__SUPPLIED RECORDS__:
------------------------------------------------------------
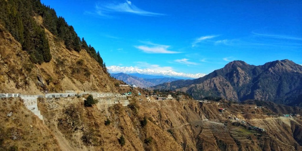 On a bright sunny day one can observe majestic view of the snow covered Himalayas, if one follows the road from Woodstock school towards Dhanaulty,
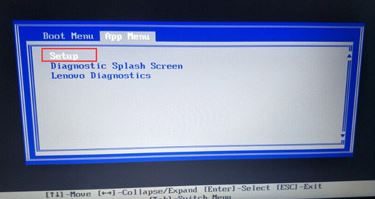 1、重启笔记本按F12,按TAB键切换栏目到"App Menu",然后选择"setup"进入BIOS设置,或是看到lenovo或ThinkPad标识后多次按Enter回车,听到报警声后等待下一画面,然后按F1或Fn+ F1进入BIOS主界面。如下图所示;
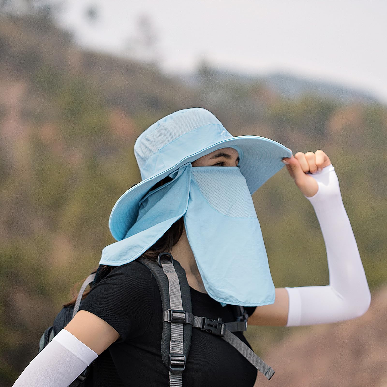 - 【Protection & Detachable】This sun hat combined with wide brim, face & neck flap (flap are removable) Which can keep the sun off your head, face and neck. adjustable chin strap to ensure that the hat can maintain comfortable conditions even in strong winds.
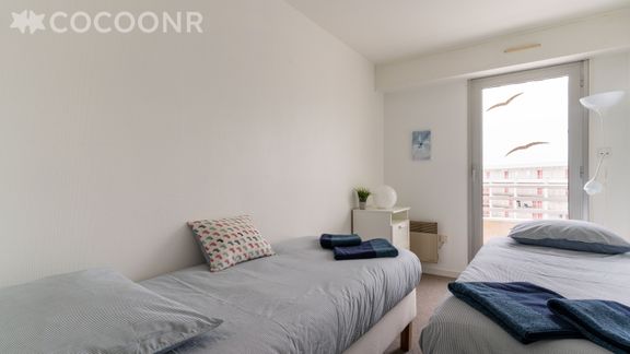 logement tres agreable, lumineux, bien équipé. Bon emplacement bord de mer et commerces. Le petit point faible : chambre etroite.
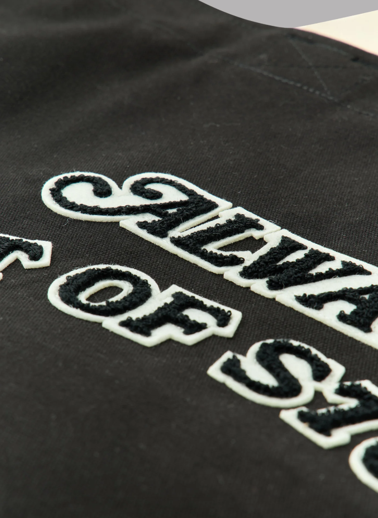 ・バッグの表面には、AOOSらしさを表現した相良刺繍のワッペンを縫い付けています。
------------------------------------------------------------
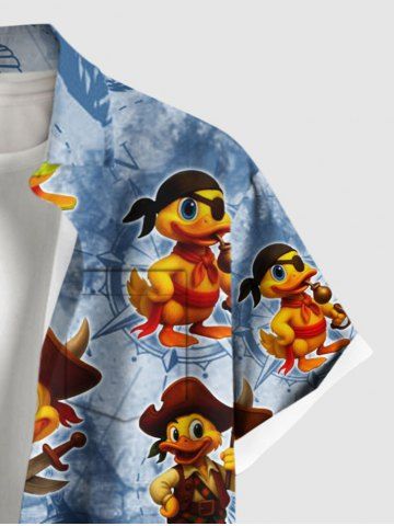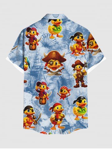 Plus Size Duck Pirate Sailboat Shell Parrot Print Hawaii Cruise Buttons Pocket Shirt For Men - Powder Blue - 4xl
------------------------------------------------------------
__TASK DIRECTIONS__:
Only the lines above from the one containing "On a bright" through the one containing "- 【Protection &" should be returned, verbatim and inclusive, with pictures excluded.

__SOLVED EXERCISE__:
 On a bright sunny day one can observe majestic view of the snow covered Himalayas, if one follows the road from Woodstock school towards Dhanaulty,
 1、重启笔记本按F12,按TAB键切换栏目到"App Menu",然后选择"setup"进入BIOS设置,或是看到lenovo或ThinkPad标识后多次按Enter回车,听到报警声后等待下一画面,然后按F1或Fn+ F1进入BIOS主界面。如下图所示;
 - 【Protection & Detachable】This sun hat combined with wide brim, face & neck flap (flap are removable) Which can keep the sun off your head, face and neck. adjustable chin strap to ensure that the hat can maintain comfortable conditions even in strong winds.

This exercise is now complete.